*DATASET RECORDS:*
■ ■ ■ ■ ■ ■ ■
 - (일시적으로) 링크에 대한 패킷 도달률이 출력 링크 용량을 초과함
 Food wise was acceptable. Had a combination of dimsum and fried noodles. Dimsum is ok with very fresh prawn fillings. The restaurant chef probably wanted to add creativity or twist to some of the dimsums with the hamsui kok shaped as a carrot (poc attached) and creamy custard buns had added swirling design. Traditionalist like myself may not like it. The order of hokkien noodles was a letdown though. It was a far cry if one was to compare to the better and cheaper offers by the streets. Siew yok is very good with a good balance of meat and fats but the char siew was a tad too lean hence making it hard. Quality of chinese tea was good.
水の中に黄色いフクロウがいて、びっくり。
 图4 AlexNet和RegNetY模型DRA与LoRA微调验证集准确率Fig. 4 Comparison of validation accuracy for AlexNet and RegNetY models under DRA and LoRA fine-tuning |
■ ■ ■ ■ ■ ■ ■
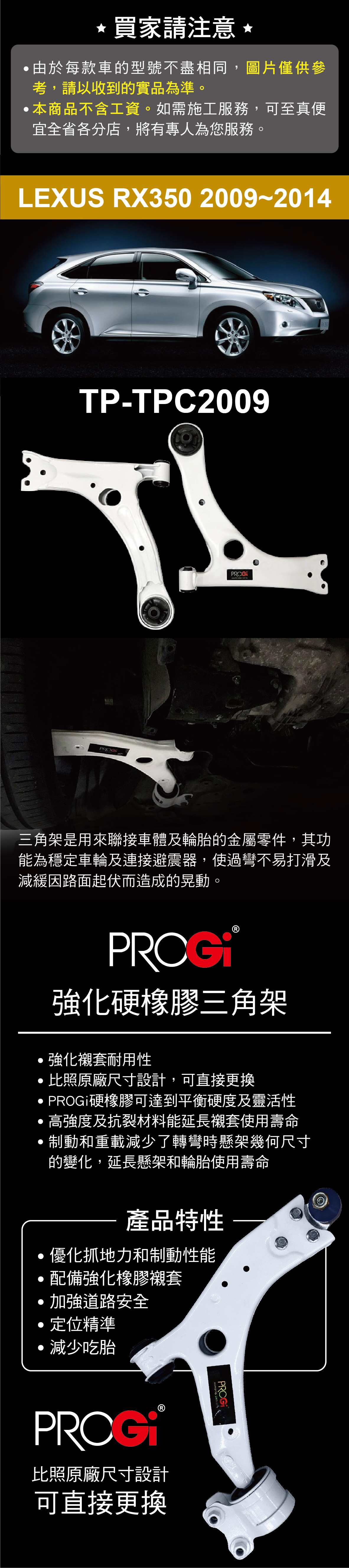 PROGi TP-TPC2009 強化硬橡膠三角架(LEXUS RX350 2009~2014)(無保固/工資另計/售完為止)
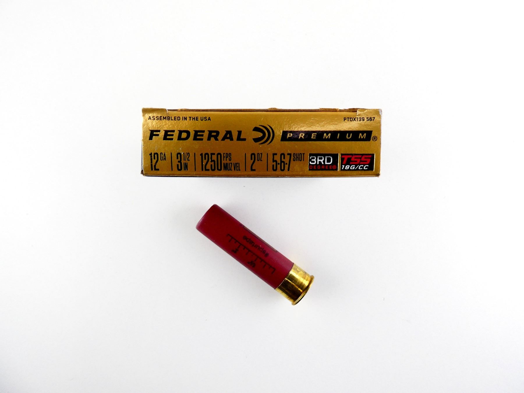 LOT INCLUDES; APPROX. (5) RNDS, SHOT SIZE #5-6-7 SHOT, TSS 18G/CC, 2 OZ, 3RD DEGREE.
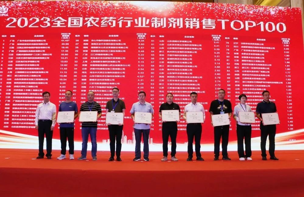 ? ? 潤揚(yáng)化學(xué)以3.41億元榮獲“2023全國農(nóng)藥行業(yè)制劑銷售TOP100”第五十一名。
■ ■ ■ ■ ■ ■ ■
*PROBLEM REQUIREMENTS:*
From the entries above, write out only the lines starting at the line that holds "水の中に黄色いフクロウがいて、びっくり。" and ending at the line that holds "图4 AlexNet和RegNetY模型DRA与LoRA微调验证集准确率Fig. 4", keeping both and matching them exactly.

*ANSWER BOX:*
水の中に黄色いフクロウがいて、びっくり。
 图4 AlexNet和RegNetY模型DRA与LoRA微调验证集准确率Fig. 4 Comparison of validation accuracy for AlexNet and RegNetY models under DRA and LoRA fine-tuning |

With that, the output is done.